───── Supplied data ─────

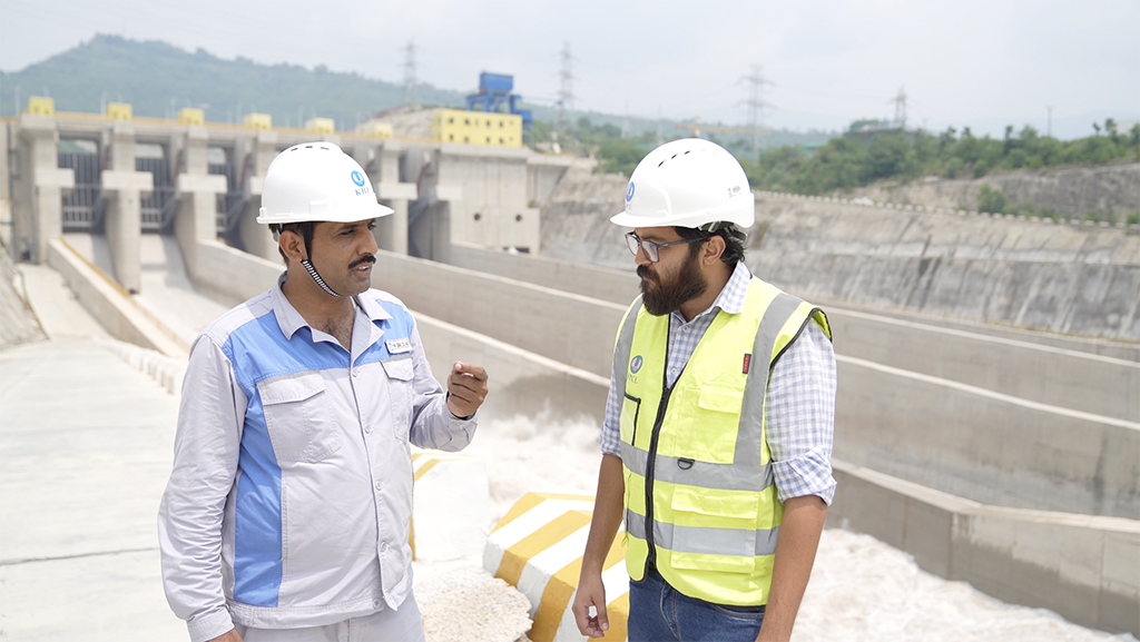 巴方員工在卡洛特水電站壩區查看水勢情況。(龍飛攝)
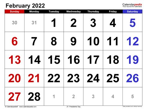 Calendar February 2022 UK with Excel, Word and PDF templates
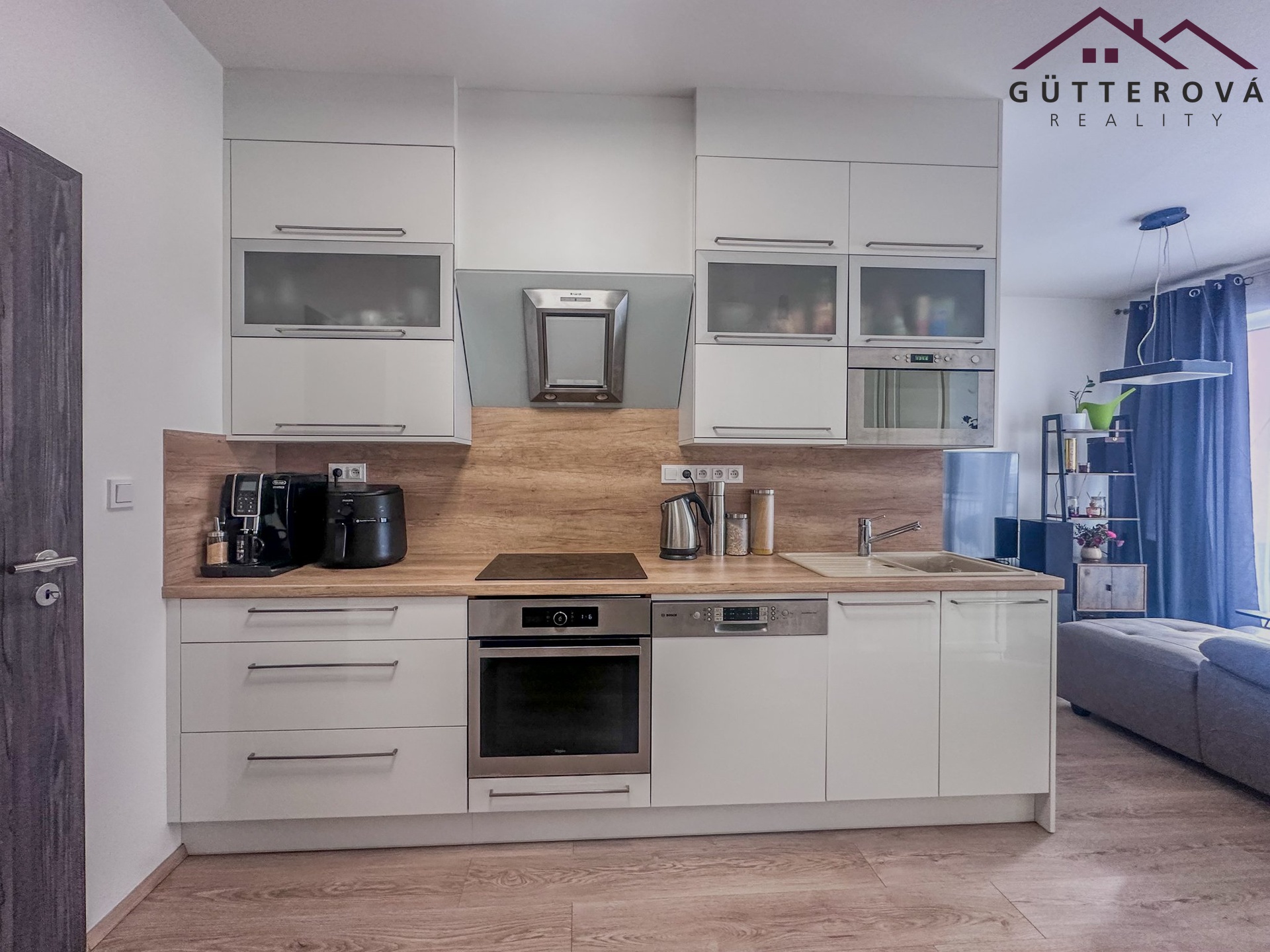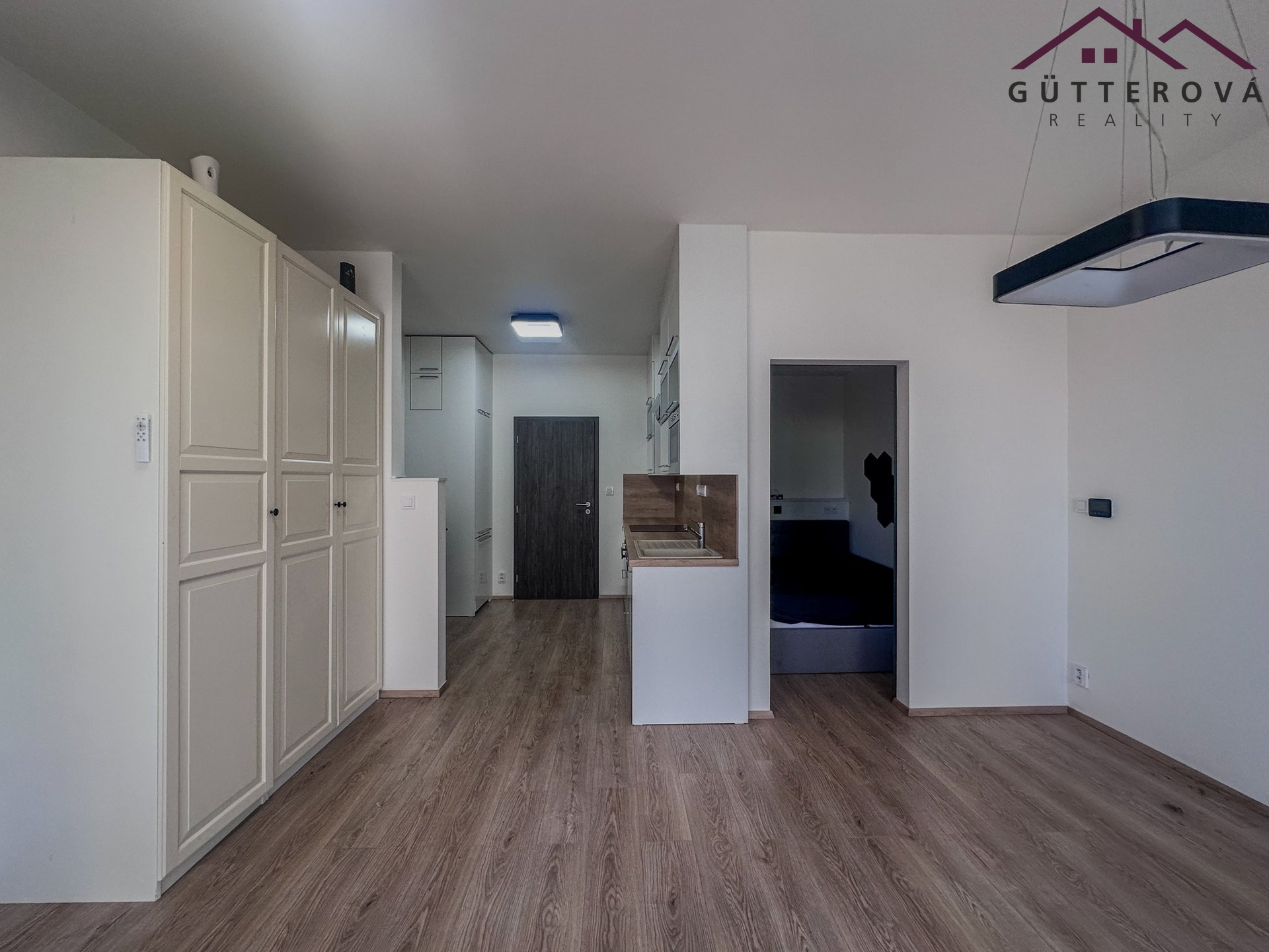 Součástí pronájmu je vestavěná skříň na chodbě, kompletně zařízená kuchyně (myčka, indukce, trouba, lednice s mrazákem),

─────

▶ Problem statement:
From the material above, copy everything exactly but the pictures.

▶ Answer to this exercise:
 巴方員工在卡洛特水電站壩區查看水勢情況。(龍飛攝)
 Calendar February 2022 UK with Excel, Word and PDF templates
 Součástí pronájmu je vestavěná skříň na chodbě, kompletně zařízená kuchyně (myčka, indukce, trouba, lednice s mrazákem),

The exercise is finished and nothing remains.